Iran: The Ultimate Red State
I should stop reading the columnists in the New York Times. After David Brooks' nonsensical column about the media, God and tsunamis, I promised myself I'd stop taking these morons seriously. But now Tom Friedman's gone and pissed me off again.
He's writing a column basically making fun of Europe for not loving that adorable George W. Bush. Sure, he pretends to write a fair column about the lack of popularity of our President throughout the so-called Old World (alert the media!) He even gets in a few cracks at the administration before all is said and done
But check out this quote:
The logic of the Europeans' position is that they should now be anti-American, not just anti-Bush, but most Europeans don't seem to want to go there. They know America is more complex. So there is a vague hope in the air that when Mr. Bush visits Europe next month, he'll come bearing an olive branch that will enable both sides to at least pretend to hold this loveless marriage together for the sake of the kids.
What's the implication here? That Europeans are fickle, and if our President goes over there and makes nice, they'll run back to him with open arms, returning his sweet embrace? The European community has every reason to be upset with this administration. We started a war without sufficient cause and lied about it. We pulled out of international treaties that had taken decades to set up, and most of these treaties fall apart without our support (as we're the largest post-industrial economy in the world by a massive amount). We're right now in Congress defending our right to torture people we suspect of being terrorists.
Why shouldn't Europeans have the right to hate America? Shouldn't their consideration of us as a people depend in some way on how we behave? Right now, I hate Americans. Not the ideals that we stand for as a nation, and not the individual people that I know and love and live amongst. I don't hate my community. But I hate the way Americans behave socially and politically (especially politically). And I'm one of us. Who the hell is Friedman to chide Europeans for their distaste for the President, or recommend how he can make them like him better. He should do the right thing for once in his fucking life, that would probably help his case.

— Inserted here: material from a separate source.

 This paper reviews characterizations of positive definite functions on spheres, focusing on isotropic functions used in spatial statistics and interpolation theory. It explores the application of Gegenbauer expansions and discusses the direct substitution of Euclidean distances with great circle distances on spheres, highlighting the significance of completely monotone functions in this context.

And then, there's this abysmal, insulting, horribly destructive final section:
Funnily enough, the one country on this side of the ocean that would have elected Mr. Bush is not in Europe, but the Middle East: it's Iran, where many young people apparently hunger for Mr. Bush to remove their despotic leaders, the way he did in Iraq.

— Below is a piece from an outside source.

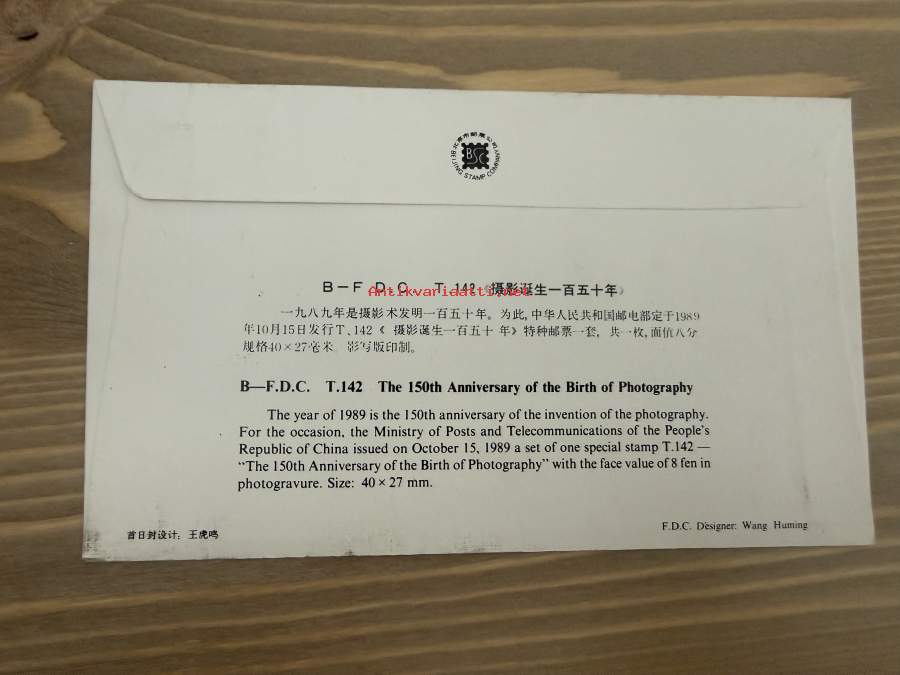 Kiina 16.10.1989 - T. 142 The 150th Anniversary of the Birth of Photography - FDC / Ensipäivänkuori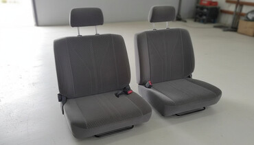 Двухместное сиденье от микроавтобуса/минивэна - Материал: тканевая обивка, комбинированные вставки с серым узором - Цвет: серо‑графитовый - Конструкция: цельная спинка и подушка, нижние крепёжные ...

An Oxford student who had just returned from research in Iran told me that young Iranians were "loving anything their government hates," such as Mr. Bush, "and hating anything their government loves." Tehran is festooned in "Down With America" graffiti, the student said, but when he tried to take pictures of it, the Iranian students he was with urged him not to. They said it was just put there by their government and was not how most Iranians felt.
Iran, he said, is the ultimate "red state." Go figure.
Funnily enough, this is not funny at all. A nation of people so desperate for liberation from their vile, repressive theocratic government that they would welcome the chaos of invasion and civil war is not an amusing bon mot to be tossed out for shits and giggles in a political commentary.
Why doesn't Friedman treat this more seriously? What's with his flip "they hate anything the government likes" angle. Is he genuinely reducing the political opinions of an entire nation of people as mere contrariness?
And then, calling Iran a "red state," saying they "support Mr. Bush." It's damaging, it's damaging to the discourse. Because simple-minded people will read this and believe this fool. And then, in a few years, when G. W. wants to invade Iran, and says "the people there want America to invade," they'll think, "Oh, yeah, that's right...I read it in the New York Times."
Just like what happened the last time around, to that other country that's right fucking next to Iran and is spelled almost exactly the same.
Okay, I'm going to stop talking about this now before I have a massive coronary.